Say It My Way: Exploring Control in Conversational Visual Question Answering with Blind Users

Farnaz Zamiri Zeraati, Yang Cao, Yuehan Qiao, Hal Daumé III, Hernisa Kacorri · 2026 · Proceedings of the 2026 CHI Conference on Human Factors in Computing Systems (CHI '26) · doi:10.1145/3772318.3791834

Summary

This CHI 2026 paper investigates how blind users can exert control over responses generated by conversational visual question answering (VQA) systems built on vision-language models. While prompting and steering techniques are well established in general-purpose generative AI, assistive VQA tools for blind users still follow rigid interaction patterns with limited opportunities for customization. The authors argue that user control becomes especially consequential for blind users who may rely on these systems for access in everyday and high-stakes situations.
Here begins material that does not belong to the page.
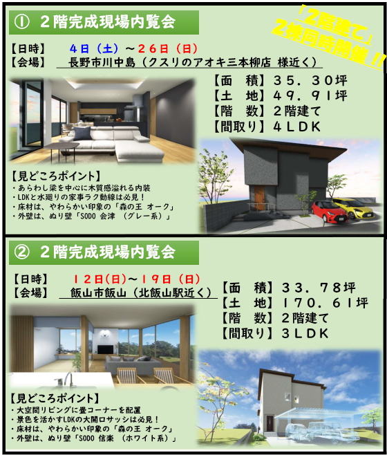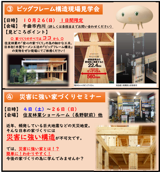 イベント詳細 長野 住宅公園イベント一覧【住友林業】10月イ... 長野 住友林業 【住友林業】10月イベント情報 イベント概要 日付: 2025年10月 時間: AM10時~ PM17時 場所: 見学会会場 備考: ※写真はイメージです。 見学会会場の場所、内容などお気軽にお問合せ下さい。 上記イベントの他に、東信エリア、松本エリアのイベントも開催中です! Web予約 電話予約 電話予約 026-217-3032 アクセス 場所: 見学会会場 Google Mapで見る イベント予約について ◇当日のご案内 ・イベントのご案内を担当者から差し上げます。 ・キャンセルされる場合は、展示場のインフォメーションセンターまでご連絡ください。 必須イベント名 【住友林業】10月イベント情報 (長野/長野住宅公園) 必須日にち ※土日の見学をご希望の場合は前日の15時まで、平日の見学をご希望の場合は2日前までにご予約ください。15時以降にご予約いただいた場合は、ご対応できない場合がございます。 必須時間 ※イベントは各一時間ほどを予定しています。ご了承ください。 9:00~ 10:00~ 11:00~ 12:00~ 13:00~ 14:00~ 15:00~ 16:00~ 17:00~ 18:00~ 19:00~ 必須参加人数 必須名前(漢字) 必須名前(かな) 必須メールアドレス 必須電話番号(携帯も可) 必須住所:郵便番号 任意住所:都道府県 長野県 北海道 青森県 岩手県 宮城県 秋田県 山形県 福島県 茨城県 栃木県 群馬県 埼玉県 千葉県 東京都 神奈川県 新潟県 富山県 石川県 福井県 山梨県 岐阜県 静岡県 愛知県 三重県 滋賀県 京都府 大阪府 兵庫県 奈良県 和歌山県 鳥取県 島根県 岡山県 広島県 山口県 徳島県 香川県 愛媛県 高知県 福岡県 佐賀県 長崎県 熊本県 大分県 宮崎県 鹿児島県 沖縄県 任意住所:市区町村 任意住所:番地 任意コメント欄 ※土日の見学をご希望の場合は前日の15時まで、平日の見学をご希望の場合は2日前までにご予約ください。15時以降にご予約いただいた場合は、ご対応できない場合がございます。

The study recruits 11 blind participants (four totally blind, seven legally blind) and runs a three-phase multi-day protocol: an in-lab session where participants are introduced to five customization techniques (binary feedback, zero-shot style prompting, zero-shot intention prompting, chain-of-thought prompting, and image-as-text prompting) through engineered scenarios; a 10-day diary study using Be My AI in daily life; and a remote post-study interview. The techniques are drawn from Schulhoff et al.'s taxonomy of prompting strategies and adapted to short, mobile-based, blind-user interactions. The authors analyse 418 interactions across lab and diary sessions, triangulated with reflections and interview transcripts, and release the resulting Ask&Prompt dataset of images, dialogues, context metadata, and task-success annotations. The paper contributes empirical findings on real-world blind user adaptation to VQA systems, and design implications for future live VQA tools.

Key findings

Interactions were often lengthy and imbalanced: participants averaged 3 turns (up to 21), with user input typically about one-tenth the length of system responses (median 242 words in lab, 160 in diary). k-means clustering surfaced three interaction patterns: short successful rounds (median 2, n=286), short-medium unsuccessful rounds where participants gave up (n=53), and long effortful dialogues with mixed outcomes (median 10.5 rounds, n=24) where customization was heaviest. Customization was used more in familiar environments (55%) than unfamiliar (34%), with familiar items (54% vs 47%), around familiar people (60%) and in leisure (54%) versus hurried (46%) contexts. The most common strategy remained simply asking questions without any prompting; 77% of lab and 75% of diary interactions included at least one direct question. Failures clustered around inaccessible or missing image content, model limitations (the system avoided distance and time estimates), and model errors (outdated expiration dates, wrong prices). Participants developed new techniques not introduced in the lab, including decomposition, self-criticism, and action-oriented prompting ("I'm gonna take a picture of me touching a bottle..."). Trust was task-dependent: high for clear description tasks, low for localization under time pressure, and very low for high-stakes medication reading where participants preferred sighted verification or cross-checking across multiple AI tools.

Relevance

For accessibility practitioners designing or evaluating AI visual-assistance tools, this paper is a grounded look at how real blind users adapt to current VQA systems and where those systems fall short. The documented needs - on-demand verbosity control (a "hurry mode"), user-centred spatial references (relative to the user's body or a landmark rather than the image frame), proactive camera-framing guidance, persistent memory of preferences across sessions, and verification support for high-stakes tasks like medication identification - translate directly into concrete design requirements for products like Be My AI, Seeing AI, Aira, and emerging live VQA systems. The finding that customization rises in familiar contexts and drops under time pressure should shape default behaviours. Limitations include a small U.S.-based sample of 11 participants, the fixed platform (Be My AI) which could not retain preferences across sessions, and the absence of low-vision participants using residual sight alongside the system.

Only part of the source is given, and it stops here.